Association Calls on CMS to Cut Medicare Shared Savings Measures

The Integrated Healthcare Association, a stakeholder group in California, is calling on the Centers for Medicare and Medicaid Services to cut in half the number of performance measures during the first year of the Medicare Shared Savings Program.


The Integrated Healthcare Association, a stakeholder group in California, is calling on the Centers for Medicare and Medicaid Services to cut in half the number of performance measures during the first year of the Medicare Shared Savings Program.

In a comment letter to CMS, the association contends that complying with the full proposed set of 65 measures would be too burdensome for newly formed accountable care organizations. IHA recommends a set of 32 of the measures be adopted for the first year, which starts in 2012. It also recommends dropping six measures altogether, primarily for reasons of redundancy. "We are also concerned that a number of the proposed measures have yet to be fully specified for ACO-level measurement, which means that they have not all been sufficiently tested or validated for their intended purpose," according to the comment letter.

Other recommendations include:

* Provide more specifics on when an ACO's performance will be audited and reduce the administrative burden by using existing auditing sources.
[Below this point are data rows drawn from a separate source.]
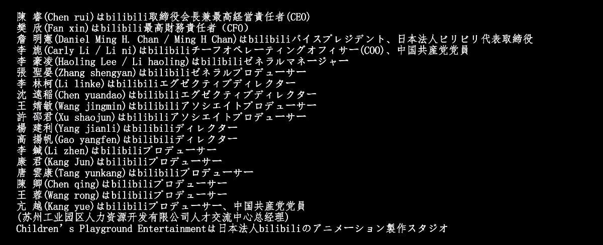 https://ja.wikipedia.org/wiki/Bilibili中国共産党党員が制作に関与したアニメ一覧
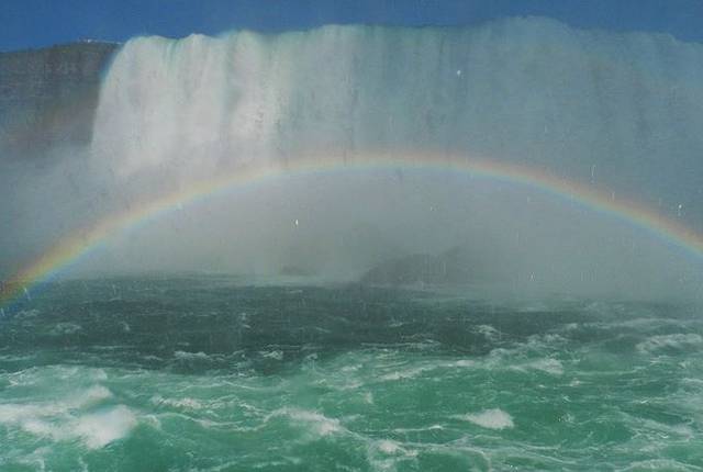 游轮从北侧缓缓接近大瀑布,此刻的船身已经被汹涌的水浪推得来回大幅度地摆动,冲天的水雾中一道完整的彩虹挂在奔腾的水墙上。
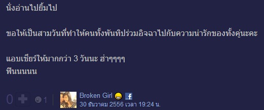 อยากขอบคุณเพื่อนๆหลายคนนะครับ ที่แอบเชียร์ให้พวกเราสองคน คบกันมากกว่า 3 วัน
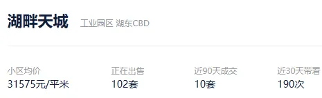 根据贝壳信息显示,湖畔天城目前102套挂牌出售,挂牌均价31575元/平。
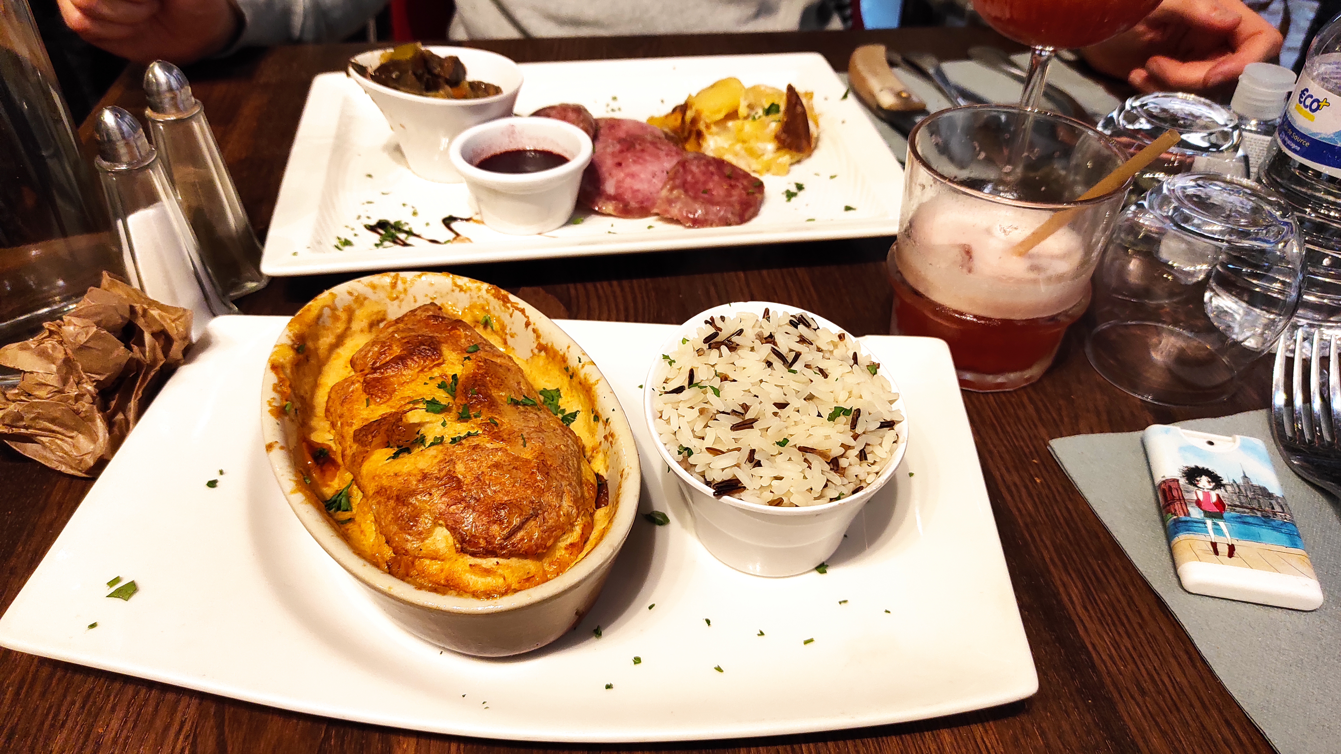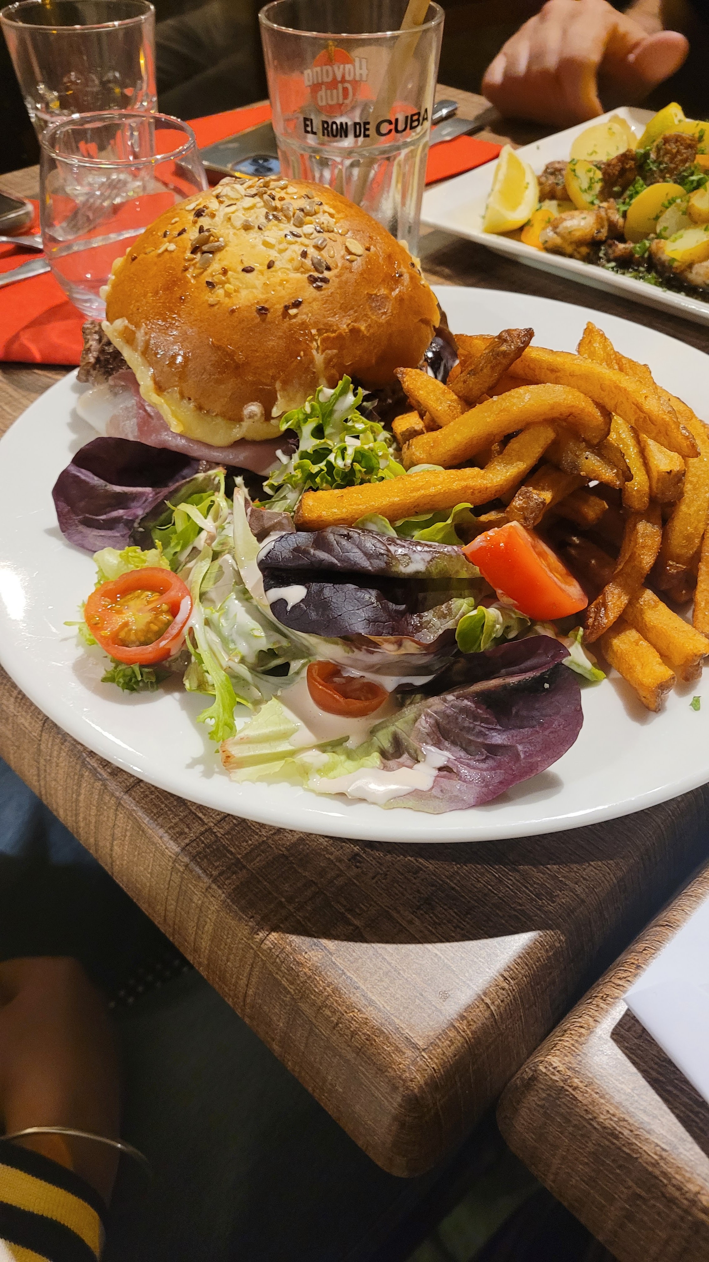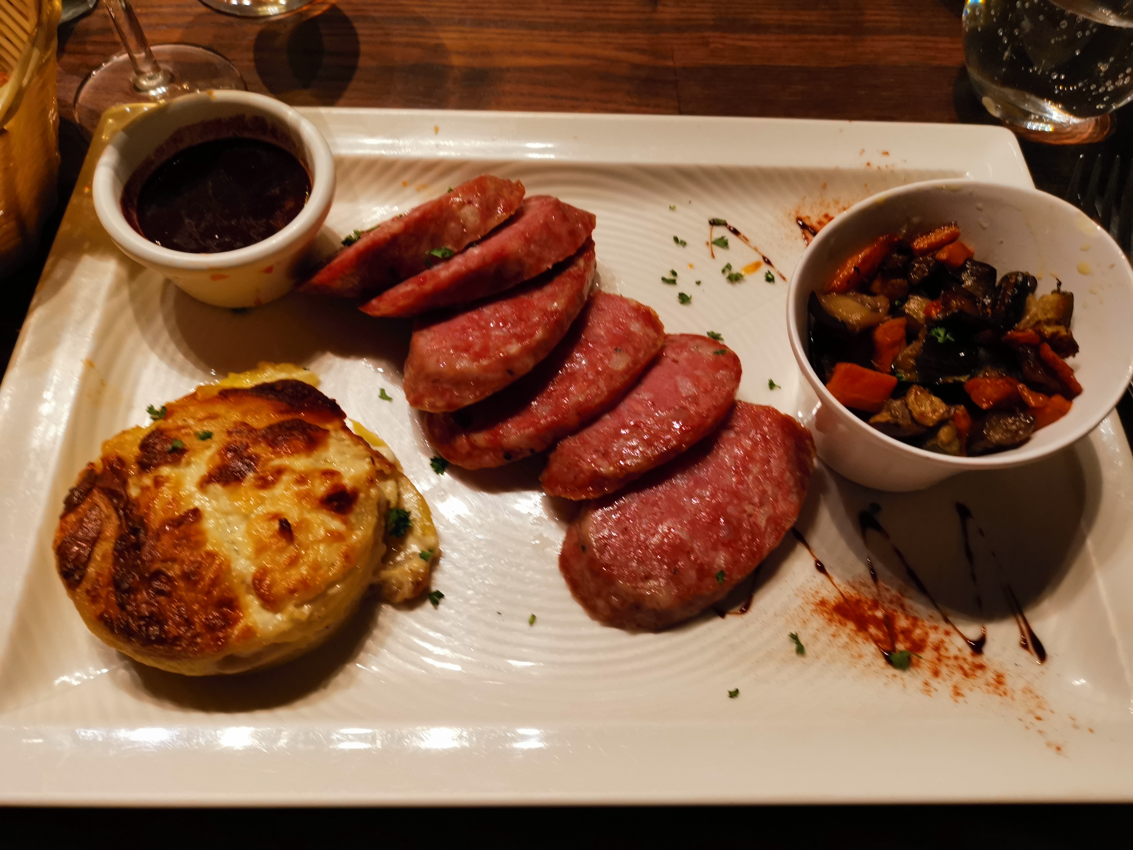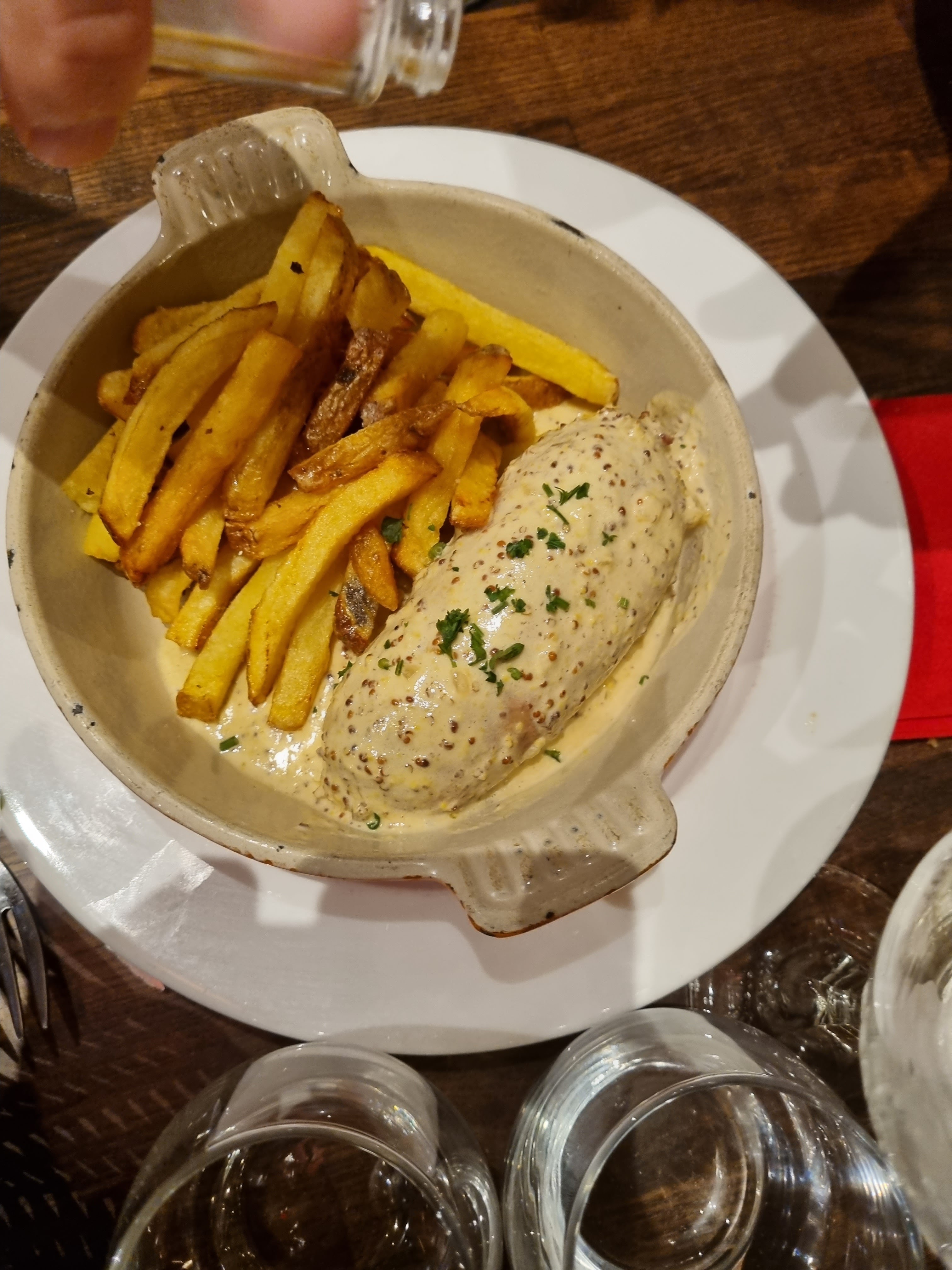 Entrée en matière décevante avec un saucisson chaud Lyonnais ? Pas sûr . Mais les plats relèvent largement le niveau. Andouille de canard et magret de canard vraiment très bon hormis la sauce trop poivrée . Les frites faites font toujours plaisir Le service est agréable et professionnel. Bonne soirée
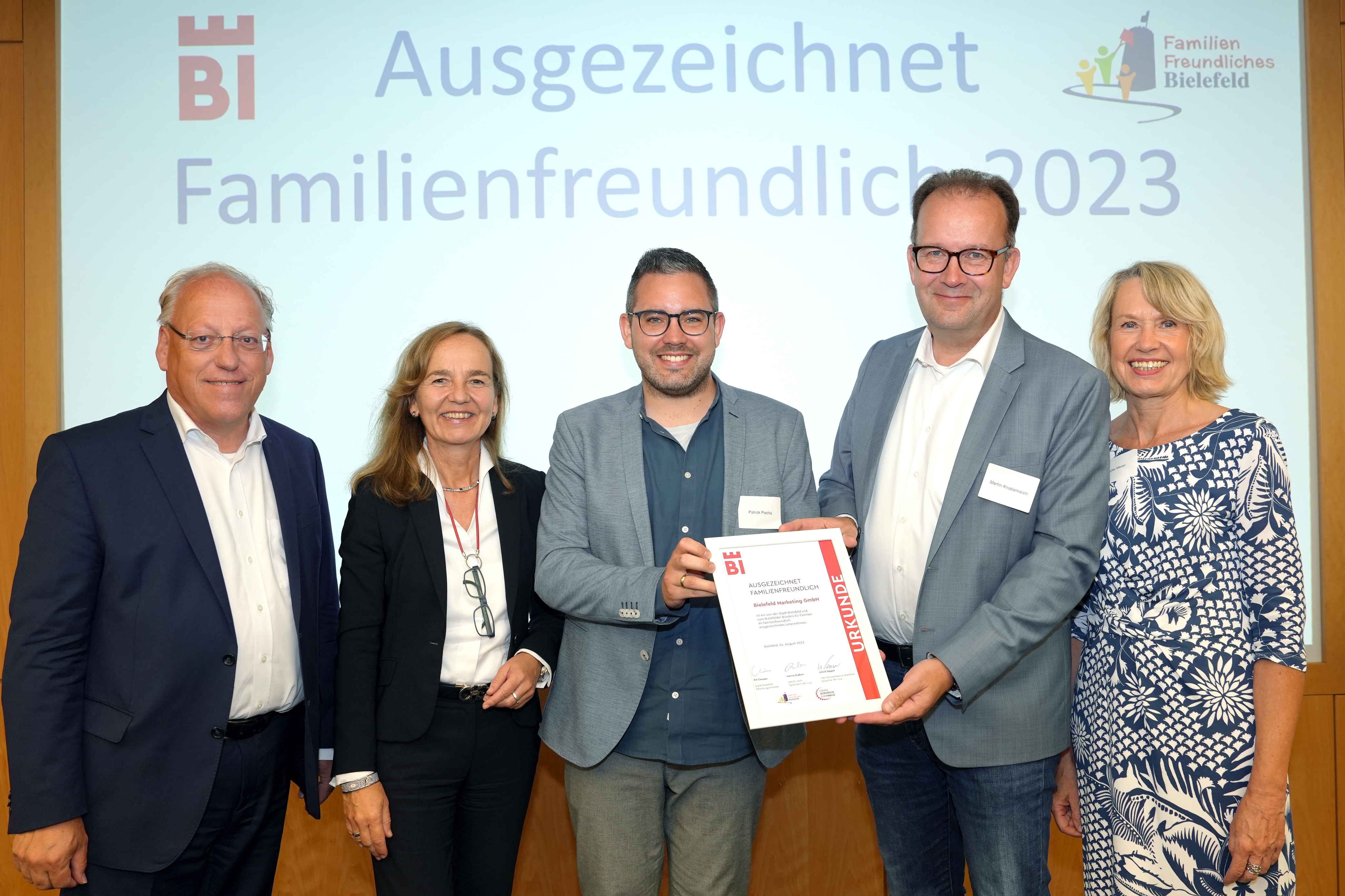 Bei einer Feierstunde in der IHK Ostwestfalen zu Bielefeld, am 24. August 2023, erhielt die Bielefeld Marketing GmbH die Urkunde „Ausgezeichnet Familienfreundlich 2023“ vom Oberbürgermeister der Stadt Bielefeld, Pit Clausen. Im Vorfeld konnte das Stadtmarketing-Unternehmen die Jury im Rahmen des Wettbewerbs „Ausgezeichnet Familienfreundlich Bielefeld“ durch sein vielfältiges, langjähriges Engagement für die Vereinbarkeit von Familie, Freizeit und Beruf überzeugen.

* Reward ACOs not only for attaining high performance scores but also for their rate of improvement. "The rationale for this recommendation is based upon our California Pay for Performance program results, which indicate that physician organizations in lower socio-economic regions have less capacity for self-reporting, begin with lower baseline performance and have fewer resources to dedicate to quality improvement activities," according to the comment letter. "Therefore, a purely 'tournament' style method of determining shared savings rewards may disadvantage those ACOs requiring the largest investment. Offering incentives which reward both improvement and attainment provides a more balanced approach."

The comment letter is available at iha.org.